Questi due libri riuniscono una serie di racconti su i quali è stata costruita la sua leggenda nei quali l'autore sonda i meandri della mente interrogando a fondo la memoria in una catena di percezioni e sensazioni tali da far sembrare che l'esistenza stessa ci attraversi: eroi condannati al dolore, territori sommersi dal fato, personaggi di una storia antica diventano in Harold Brodkey emblema della condizione dell'uomo d'oggi: "La vita è un eterno difendersi dal dolore e ti ritrovi sempre al di sotto del livello del mare, come i Paesi Bassi". Il risultato è una sorta di "romanzo di formazione", di "avventura epica" che esplora i territori della conoscenza, i sentimenti, l'erotismo e narra l'inenarrabile; Brodkey trascrive così la complessa confusione interiore della mente che si manifesta diversamente nella realtà delle cose.

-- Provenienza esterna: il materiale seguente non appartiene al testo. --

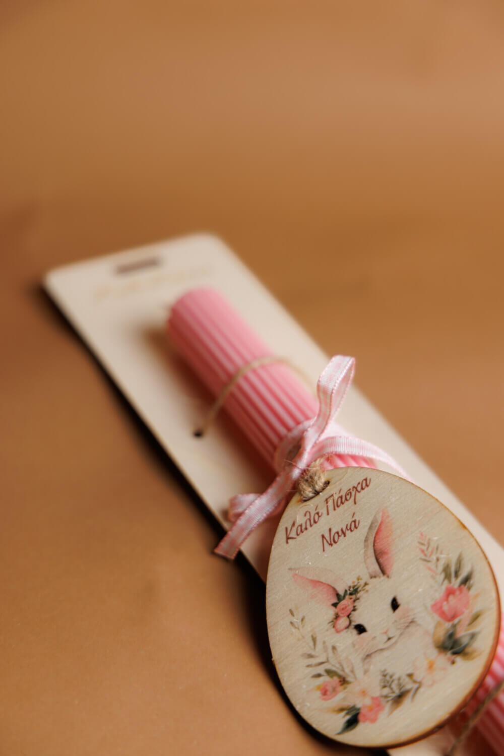 Το κερί στολίζεται με ξύλινο διακοσμητικό στοιχείο που αναγράφει «Hello Baby Girl / Boy», κάνοντάς το ένα αναμνηστικό δώρο που θα μείνει αξέχαστο.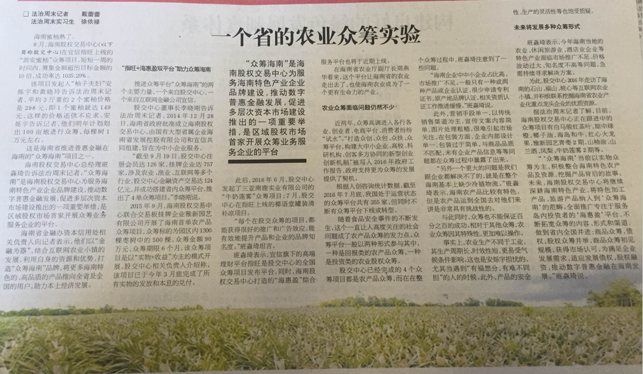 “眾籌海南”作為海南股權(quán)交易中心推動海南特色產(chǎn)業(yè)發(fā)展的一項(xiàng)重要舉措,持續(xù)受到媒體關(guān)注。最近,面向全國公開發(fā)行的具有鮮明法治特色的中央級主流政經(jīng)周報——《法治周末》以半版篇幅刊發(fā)了《一個省的農(nóng)業(yè)眾籌實(shí)驗(yàn)》專題文章。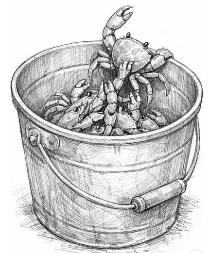 If you place several crabs in a bucket and one of them tries to climb out, the rest will pull it back down. None of them escape because they constantly block one another. If there were only one crab, it could easily get out of the bucket and thrive. However, when there are many crabs, something strange happens. Every time a crab tries to climb toward freedom and elevation, the other crabs grab its legs and pull it back down. In the end, no one escapes, and they all die in the same bucket.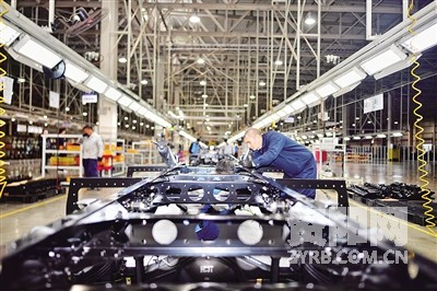2023年,现代商用汽车(中国)有限公司实现产值4.4亿元、同比增长72.2%,生产的“盛图”氢燃料电池商用车不仅顺利实现首批量产,更是一举斩获大宗订单,并成功交付出口沙特阿拉伯500辆、2亿元的创虎重卡订单。图为节后的现代商用汽车生产车间内,工人正在组装汽车底盘。全媒体记者 张建 摄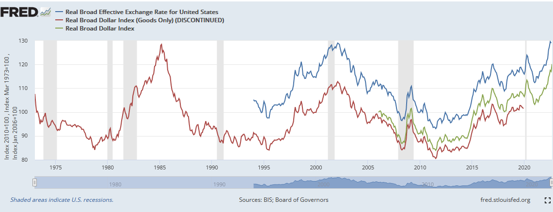 ここに掲げたのはセントルイス連邦銀行が公表している「実質実効ドル指数」のグラフである。日々取り引きされる為替レートとは別に、物価や貿易量などを加味した通貨の“実力”を示したものだ。同じ指数を「国際決済銀行(BIS)」も公表していて、どちらを選ぶかによって見える世界は異なってくる。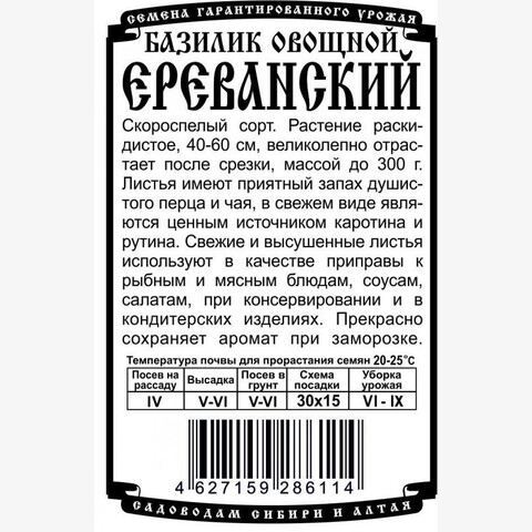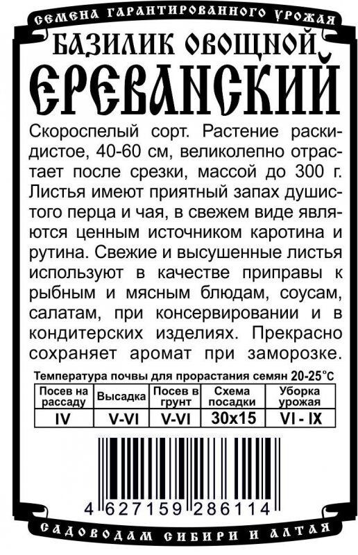 Скороспелый сорт. Растение раскидистое, 40-60 см, великолепно отрастает после срезки, массой до 300 г. Фиолетовые листья имеют приятный запах душистого перца и чая, в свежем виде являются ценным источником каротина и рутина. Свежие и высушенные листья используют в качестве приправы к рыбным и мясным блюдам, соусам, салатам, при консервировании и в кондитерских изделиях. Прекрасно сохраняет аромат при заморозке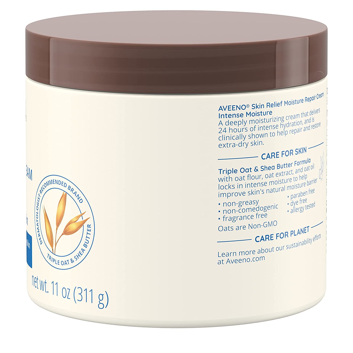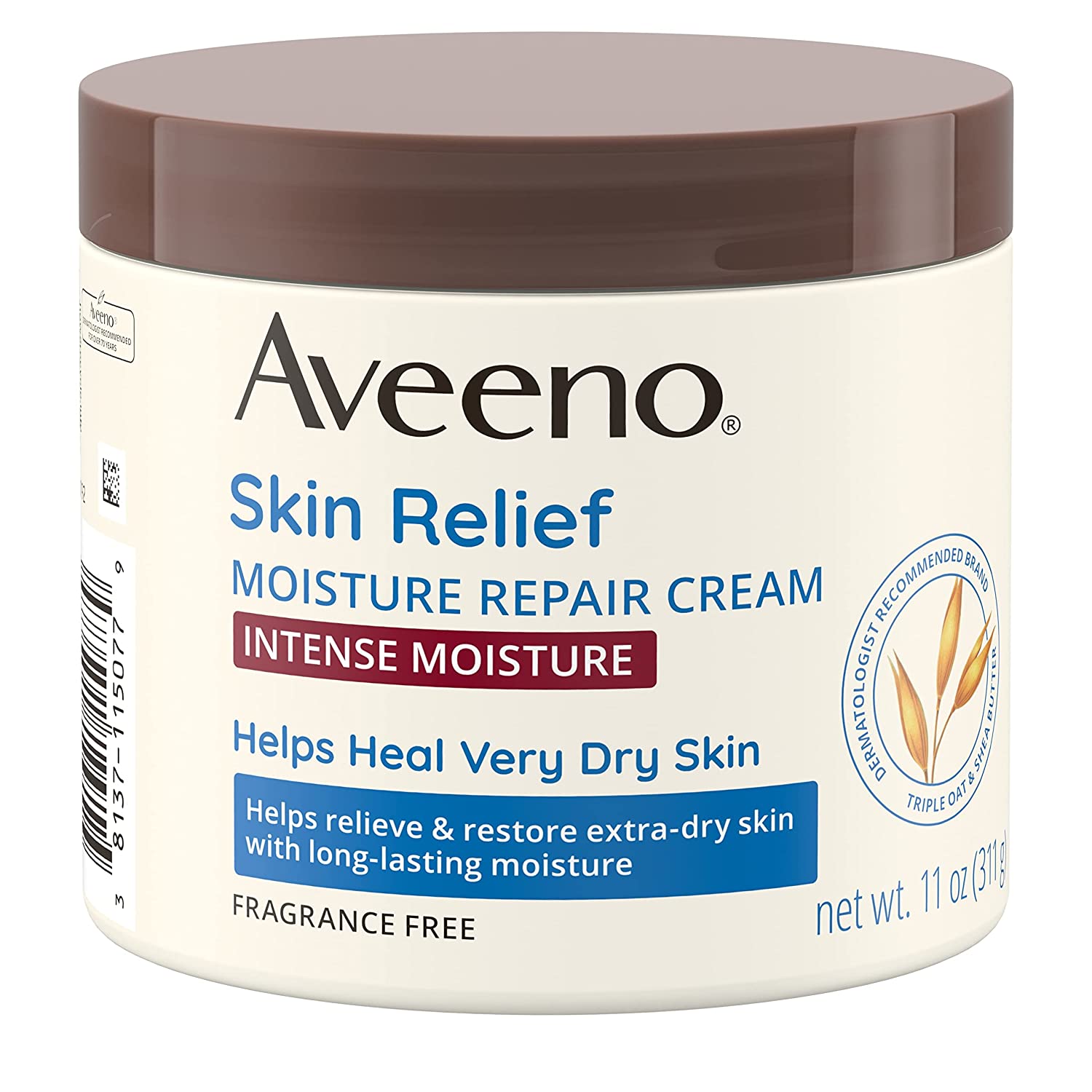• 11-ounces of Aveeno Skin Relief Moisture Repair Body Cream with a Triple Oat and Shea Butter formula is fragrance-free and helps relieve and restore extra-dry skin with long-lasting moisture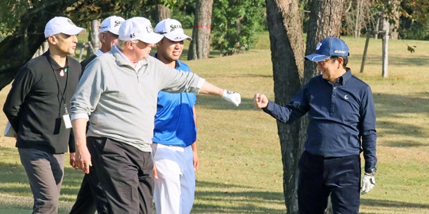 Eine Runde Golf stand auch bei Abes Besuch in den USA im Februar auf dem Programm. Damals hatte der japanische Regierungschef betont, seine Leistungen reichten nicht an die des US-Präsidenten heran.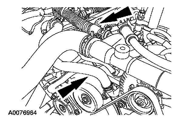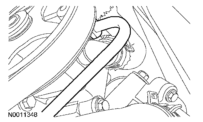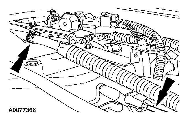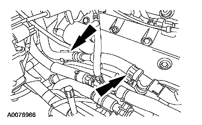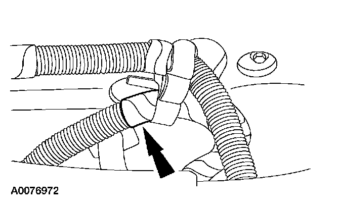 28. Install the coolant hose into the retaining clips on the RH valve cover.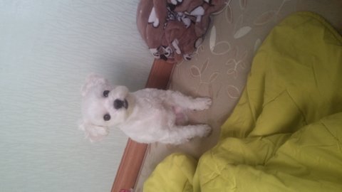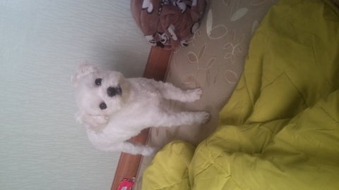 특징은 흰색털에 후드티를 입고, 분홍색 가슴줄을 하고있엇습니다.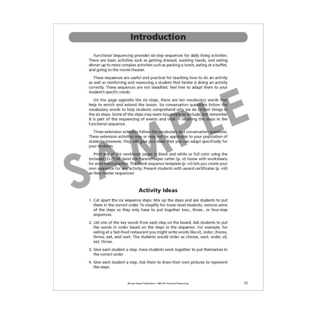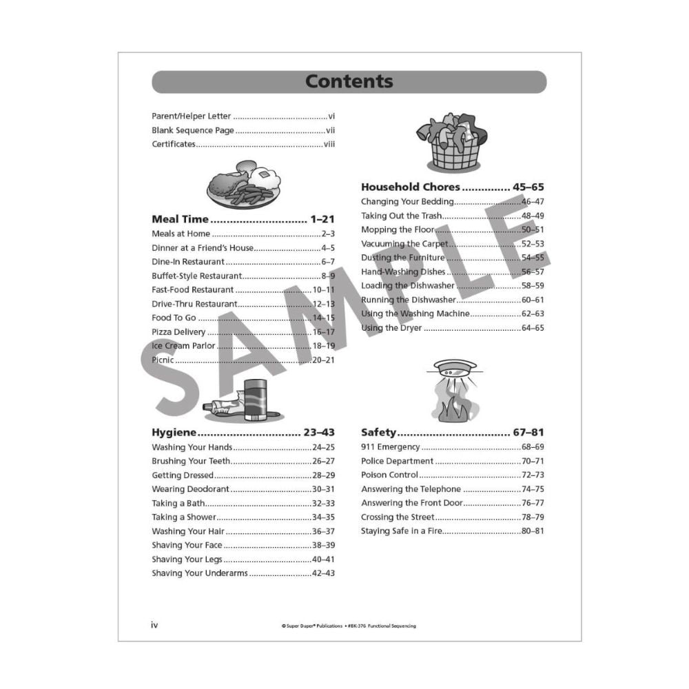The Functional Sequencing Activity Sheets for Daily Living Skills book includes:
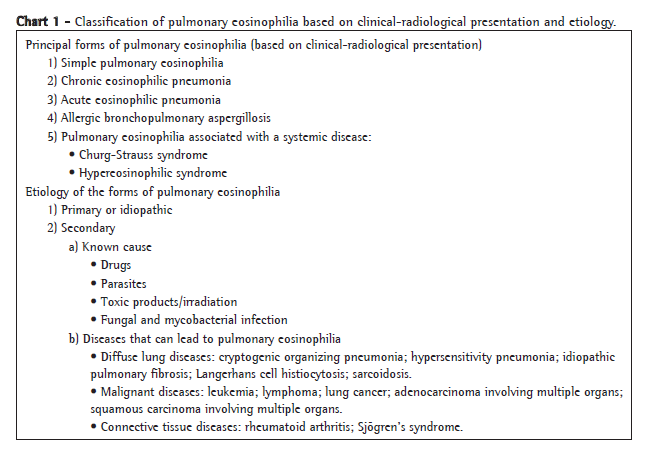 Chart 1 classifies pulmonary eosinophilia in terms of presentation (clinical or radiological) and etiology.(1,12-14) The main clinical and radiological presentations are the following: simple pulmonary eosinophilia; CEP; AEP; ABPA; and pulmonary eosinophilia associated with a systemic disease, such as CSS and hypereosinophilic syndrome (HES). The etiology of pulmonary eosinophilia can be either primary (idiopathic) or secondary, due to known causes, such as drugs, parasites, fungal infection, mycobacterial infection,(15) irradiation and toxic products.

Il narrare si fa spesso monologo interiore attraverso quei protagonisti intorno a cui ruota il racconto caratterizzati dalla fatica del vivere, dalla sommessa tragedia quotidiana, dall'agognata catarsi finale e, quasi prigionieri di un'infantile cecità dei sensi, cercano di vedere e capire il mondo esplorando la propria e l'altrui fisicità.
Figlio della memoria antica, Brodkey non poteva non narrare in questo modo: un modo quasi classico per personaggi che percorrono le strade del Midwest o di New York o della Roma monumentale, tutti spinti dall'assillo dell'iniziazione, del gioco che si fa caccia, eros e morte. Il lettore che partecipa a fondo a questi racconti attraverso delle letture che non sempre appaiono facili avrà una ricca ricompensa: l'infinità dell'introspezione attraverso l'accrescimento delle nostre facoltà di percezione, della capacità di capire noi stessi attraverso il linguaggio in cui esprimerle.